Electrostatics > The electric field in the presence of a dielectric > Problem 6.6.12

Statement

$6.6.12.$ The space between the plates of a parallel‑plate capacitor is filled with two layers of different dielectrics of thicknesses $d_1$ and $d_2$. The dielectric permittivities of the dielectrics are $\varepsilon_1$ and $\varepsilon_2$. The plate area is $S$. Find the capacitance of the capacitor. What charge will be induced at the interface between the dielectrics if a charge $\pm q$ is placed on the capacitor plates?

Solution

Our capacitor can be represented as two capacitors connected in series; for them the capacitance is
$$
\frac{1}{C}=\frac{1}{C_1}+\frac{1}{C_2}\tag{1}
$$
where
$$
C_i=\frac{\varepsilon_i\varepsilon_0S}{d_i}\tag{2}
$$
$(2)\to(1):$
$$
\frac{1}{C}=\frac{1}{\varepsilon_0S}\left(\frac{d_1}{\varepsilon_1}+\frac{d_2}{\varepsilon_2}\right)
$$
$$
C=\frac{\varepsilon_0\varepsilon_1\varepsilon_2S}{\varepsilon_2d_1+\varepsilon_1d_2}\tag{3}
$$

Now recall that at the interface between dielectrics the normal component of the field undergoes a jump.
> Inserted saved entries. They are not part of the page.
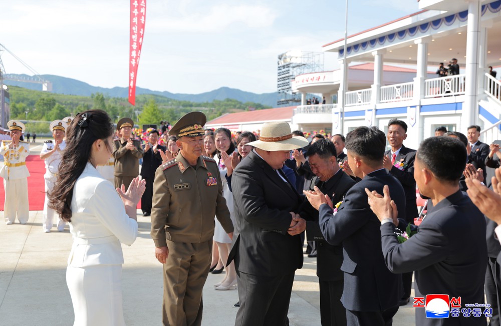 金正恩同志同有功人员一一握手,表示衷心感谢,赞赏他们一致奋起投入建造新一代战舰及其修复工程,充分发挥优秀的专业资质和能力,为完美无缺地贯彻落实党中央军事委员会命令做出贡献的爱国忠诚和劳动殊勋。
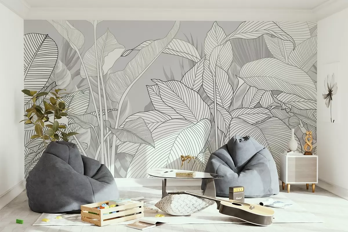 Fotomurales Ilustración monocroma de grandes hojas y follaje estilizados con intrincadas líneas y texturas Nr. w08436
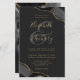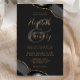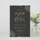 A black watercolor agate design trimmed with faux gold glitter appears in two corners of this elegant design. Personalise it with the couple's names in gold-coloured handwriting script over a large grey ampersand. Add the wedding details in gold-coloured copperplate and italic fonts on an off-black background. The reverse side features a matching black and gold agate design. NOTE: Envelopes are not automatically included with these budget invitations, so please remember to choose the "white envelopes" option!
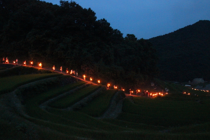 「とーもせ、灯せ。」の声をかけながら、火手(ほて)を持ち、青々とした稲が育つ棚田の畦道を歩きます。真っ暗の中、列をなした火手の光がゆらゆらと揺らめきながら動いていく風景はとても幻想的です。

The dielectrics are isotropic, the field is normal to the interface, and there are no free charges at the interface, so
$$
\varepsilon_2E_2=\varepsilon_1E_1\tag{4}
$$
For the voltage across the capacitor after placing the charge:
$$
V=E_1d_1+E_2d_2=\frac{q}{C}\tag{5}
$$
The surface density of bound (induced) charges at the interface is determined by the jump in the normal component of the polarisation vector:
$$
\sigma'=P_{n1}-P_{n2}\tag{6}
$$
For an isotropic dielectric
$$
\vec P=(\varepsilon-1)\varepsilon_0\vec E
$$
Therefore
$$
\sigma'=(\varepsilon_1-1)\varepsilon_0E_1-(\varepsilon_2-1)\varepsilon_0E_2
=\varepsilon_0[(\varepsilon_1E_1-\varepsilon_2E_2)+E_2-E_1]
$$
Taking $(4)$ into account, we finally obtain a nice expression:
$$
\sigma'=\varepsilon_0(E_2-E_1)\tag{7}
$$

Solve the system $(4), (5), (7)$:
$$
E_1=\frac{q\varepsilon_2}{C(d_1\varepsilon_2+d_2\varepsilon_1)}, \quad
E_2=\frac{\varepsilon_1}{\varepsilon_2}E_1=\frac{q\varepsilon_1}{C(d_1\varepsilon_2+d_2\varepsilon_1)}
$$
$$
\sigma'=\varepsilon_0q\frac{\varepsilon_1-\varepsilon_2}{C(d_1\varepsilon_2+d_2\varepsilon_1)}
=\varepsilon_0q\frac{\varepsilon_2d_1+\varepsilon_1d_2}{\varepsilon_0\varepsilon_1\varepsilon_2S}\, \frac{\varepsilon_1-\varepsilon_2}{d_1\varepsilon_2+d_2\varepsilon_1}
$$
$$
\sigma'=\frac{q'}{S}=\frac{\varepsilon_1-\varepsilon_2}{\varepsilon_1\varepsilon_2}\frac{q}{S}
$$
$$
q'=\frac{\varepsilon_1-\varepsilon_2}{\varepsilon_1\varepsilon_2}q
$$

Answer

$$
C=\frac{\varepsilon_0\varepsilon_1\varepsilon_2S}{\varepsilon_2d_1+\varepsilon_1d_2}
$$
$$
q'=\frac{\varepsilon_1-\varepsilon_2}{\varepsilon_1\varepsilon_2}q
$$